GOAL OF THE EXERCISE:
Your task is to repeat exactly the lines from the one with "Серьги в красном" through the end of the records, both included; please leave the pictures out.

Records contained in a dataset
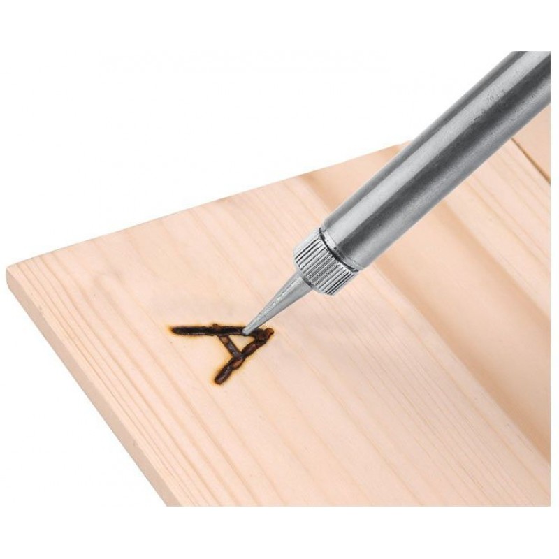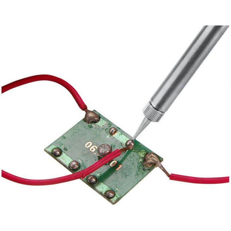 Die analoge Lötstation Extol® Premium SGS 40 (8894520) ist vor allem zum weichen Löten bestimmt, welches präzises Arbeiten erfordert – besonders im Elektronik- und Bijouteriebereich, wo keine großen Anforderungen an Beständigkeit gegen mechanische Beanspruchung gestellt werden. Ferner kann sie zu kleineren Arbeiten beim Schneiden oder Verbinden von Kunststoffen und Ausbrennen von Symbolen in Holz benutzt werden.- Die Lötstation ermöglicht eine feine Temperaturregelung je nach Temperaturempfindlichkeit des gelöteten Werkstoffe, wobei ein Millimeter des Skalaumkreises eine Temperaturänderung um ~ 5°C darstellt.- Die Lötpistole ermöglicht dank einer dünnen Spitze und Halteposition wie ein Schreibzeug die Ausführung von kleinen, präzisen Lötarbeiten.- Der gummierte Griff sorgt für angenehmen Halt bei der Arbeit und verhindert das Abrutschen von Fingern.- Dank dem langen Netzkabel und abnehmbaren Ständer muss man sich nicht in unmittelbarer Nähe der Stromversorgung befinden.- Die Ausführung der Lötpistole ermöglicht ihre dauerhafte Platzierung auf dem Arbeitstisch.Das Produkt ist nicht für einen alltäglichen langzeitigen Einsatz z. B. im Produktionsbereichen bestimmt.
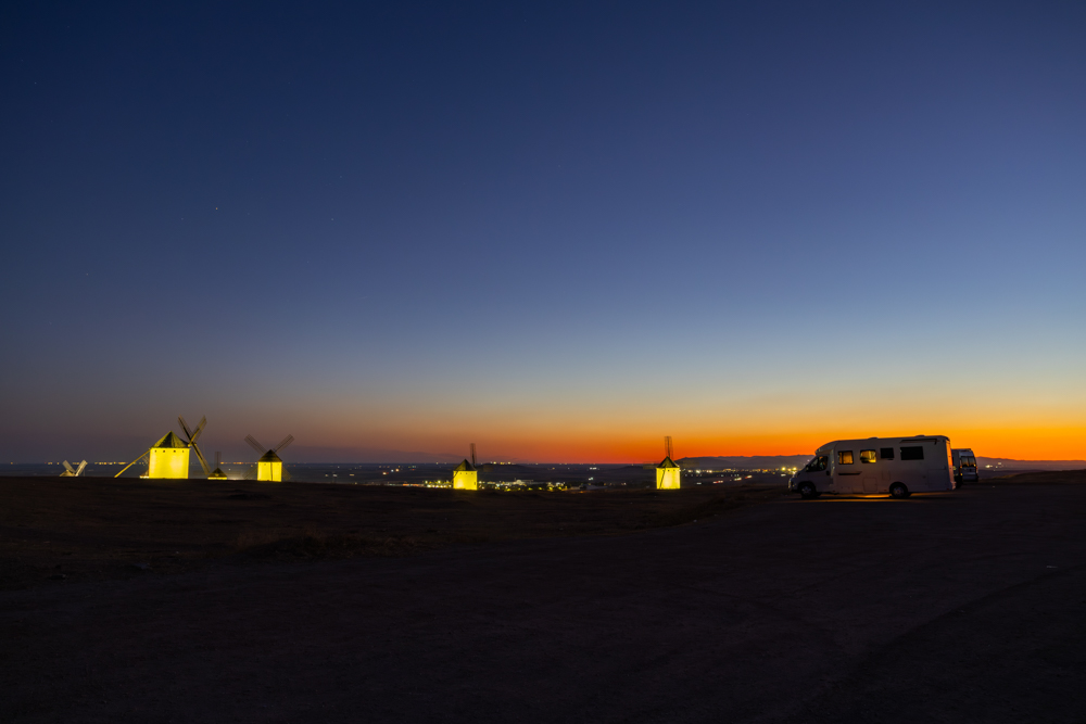 Llegamos a Consuegra y vamos directos a arriba a los Molinos de Consuegra. Tenemos intencion de fotografiar la puesta y salida de sol y lo mejor sera pasar la noche aqui arriba. Hay un parking o area de autocaravanas mas abajo mas resguardada del viento pero nosotros prefereimos pasar aqui arriba la noche. no hay ninguna señal que diga que este prohibido y la guardia civil los vimos un par de veces por la noche y no nos dijeron nada.
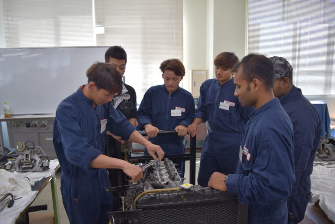 高校生はもちろん留学生にとっても実際のエンジンにふれることは初めてです!
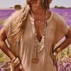 Sa coupe fluide et oversize met en valeur la silhouette, tandis que le col V et les manches courtes ajoutent une touche féminine.
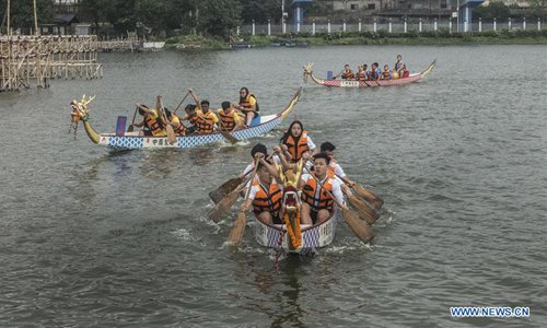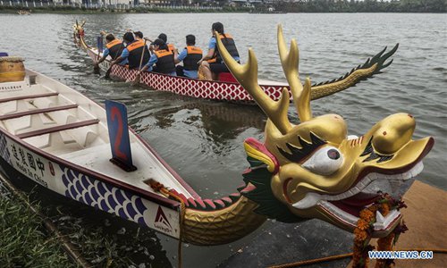 People participate in the Dragon Boat Festival in Kolkata, India, June 2, 2019. (Photo: Xinhua)
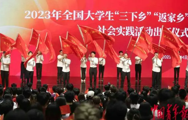7月14日,2023年全国大学生“三下乡”“返家乡”社会实践启动周系列活动现场,北京高校学生代表向全国大学生发出踊跃投身新时代火热社会实践的青春倡议。中青报·中青网记者 陈剑/摄
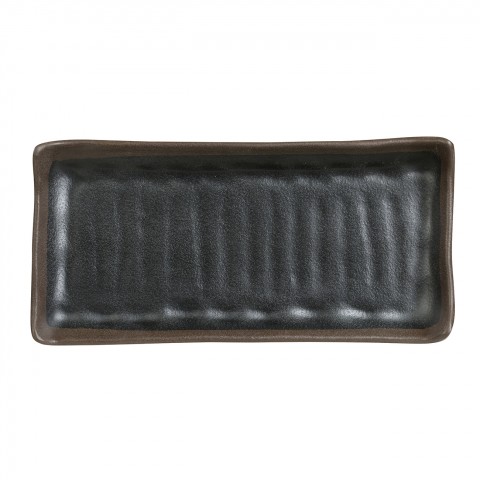 Plate, 10-1/4" x 4-7/8" x 3/4", rectangular, break resistant, withstands temperatures up to 240° F, dishwasher safe, BPA free, melamine, Grey Stone, Delfin (minimum = case quantity) (stock item)
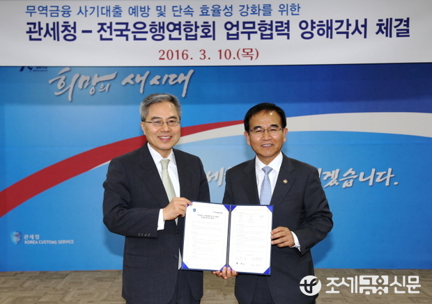 (조세금융신문=나홍선 기자) 관세청과 은행연합회는 3월 10일 서울본부세관 대회의실에서 무역금융사기의 사전 예방과 단속 효율성 제고를 통한 외환거래 질서 확립을 위한 상호 협력 강화를 내용으로 하는 업무협약(MOU)을 체결했다.
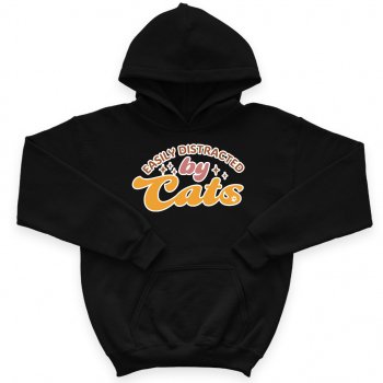 Easily Distracted By Cats Kids’ Hoodie – Cat Lover Hooded Sweatshirt – Funny Cat Hoodie for Kids
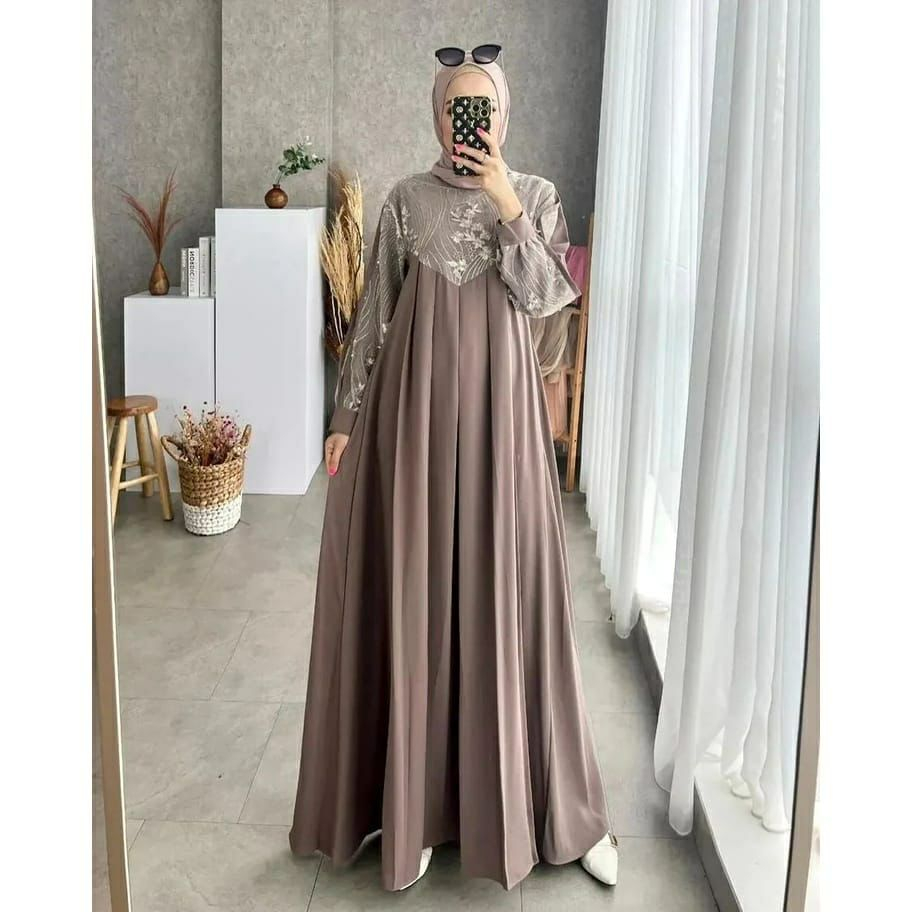 MAXI DRESS LESTY KEJORA GAMIS BRUKAT KOMBI MOSCRAPE M L XL XXL COD/GAMIS BRUKAT PREMIUM LADY PESTA/DRESS/BAJU WANITA TERBARU
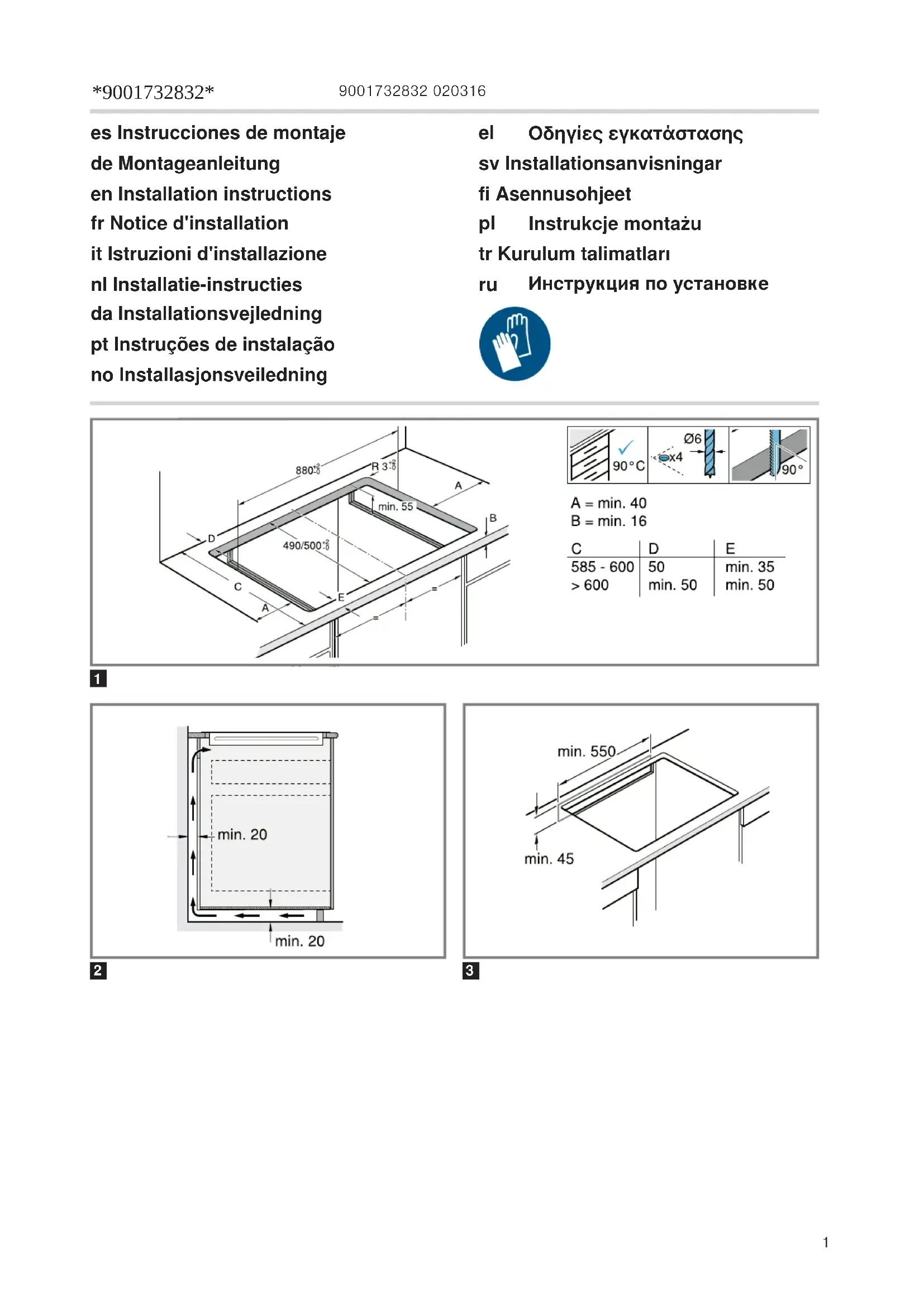 de montage. ‒ Veiller à ce que l'angle du chant de la découpe par rapport au plan de travail soit de 90°.
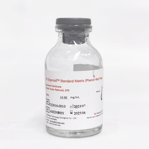 本品为减生长因子型无酚红基质胶,适用于需要避免颜色干扰,减少生长因子诱导的背景信号的,对基底膜制备要求较高的研究应用。
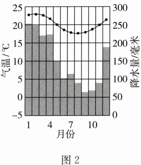 2. 下图是小明查阅到的相关资料,图1为毛里求斯简图,图2为毛里求斯气候资料图。他根据资料对该国自然环境作出以下判断,合理的是( )
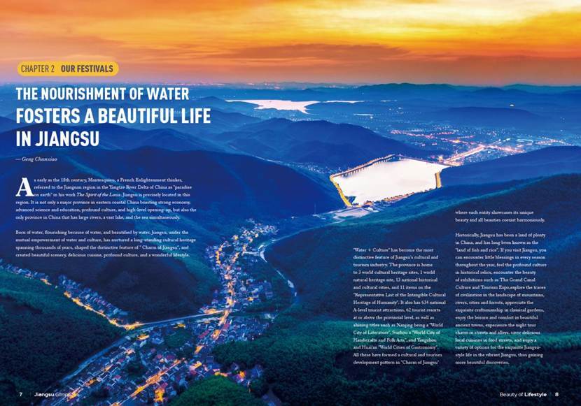 2025年秋,“水韵江苏”全球传播中心出品的Jiangsu Glimpses文旅指南《美的生活》出刊,以江苏苏式生活和节气时令为主线,设计线路带领读者在春夏秋冬邂逅四时确幸,在历史古迹感悟厚重文化,在山水城林中探寻文明印迹,在古典园林领略匠心独运,在水乡古镇享受闲适安逸,在大街小巷体验夜游风情,在美食街区遍尝烟火佳肴,在缤纷多彩的江苏尽享风雅苏式生活的多种选择。
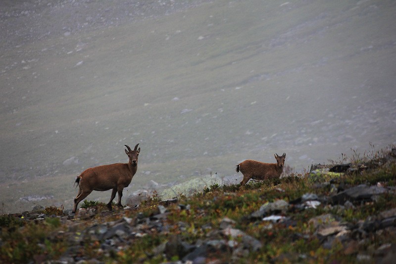 Утром просыпаемся от раскатов грома. Сахарный и все кругом затянуто облаками. Сидим с кислыми лицами и угрюмо варим кашу. Желание подниматься пропало, ведь мы в том году там побывали уже «в молоке». Решили оставить Сахарный в покое и идти на перевал Строителей. Далее следуют фото:
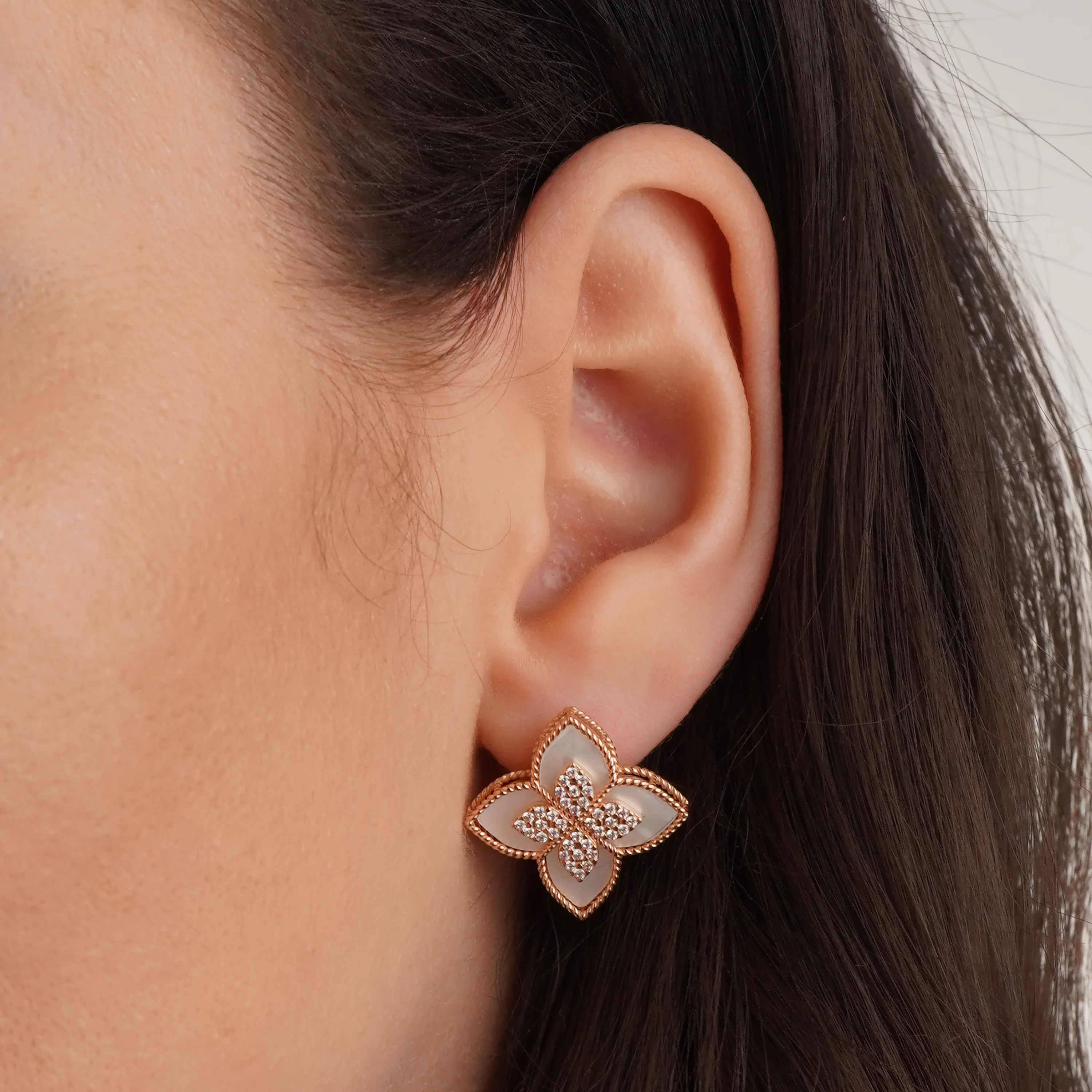 Серьги в красном золоте "Цветок" с фианитами и перламутром - 2139315
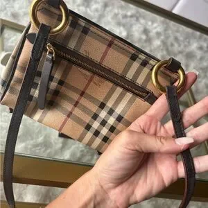 Burberry Bridle Handbag Leather and Haymarket Check crossbody brown
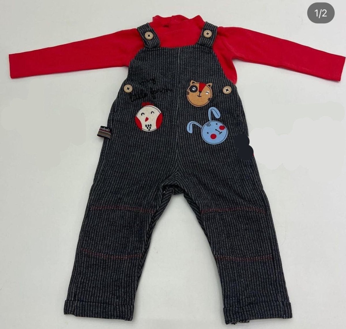 Salopette con maglia mezzo collo e stampe animali.

RESPONSE AREA:
 Серьги в красном золоте "Цветок" с фианитами и перламутром - 2139315
 Burberry Bridle Handbag Leather and Haymarket Check crossbody brown
 Salopette con maglia mezzo collo e stampe animali.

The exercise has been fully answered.